I didn’t understand the film. It was about grown-ups kissing one another, and about an earthquake, and then a motor-car accident in which a woman who’d been kissed a lot was killed. The man who’d kissed her was married to another woman, and when the film ended he was sitting in a room with his wife, looking at her. She kept saying it was all right.
‘God, wasn’t that great?’ Father Parsloe said as we stood in the lavatory of the Pavilion, the kind of lavatory where you stand up, like I’d never been in before. ‘Wasn’t it a good story?’

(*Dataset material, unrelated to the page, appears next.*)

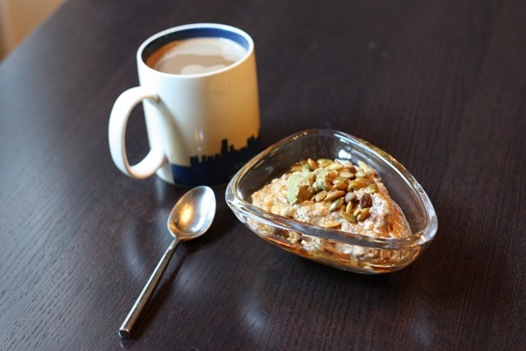 I had pumpkin oats this morning too courtesy of Stonyfield’s seasonal pumpkin yougert which was absolutely amazing!

All the way back to Montenotte I kept remembering it. I kept seeing the face of the woman who’d been killed, and all the bodies lying on the streets after the earthquake, and the man at the end, sitting in a room with his wife. The swaying of the bus made me feel queasy because of the meringues and the orangeade, but I didn’t care.
‘Did you enjoy the afternoon?’ Father Parsloe asked, and I told him I’d never enjoyed anything better. I asked him if the pictures were always as good. He assured me they were.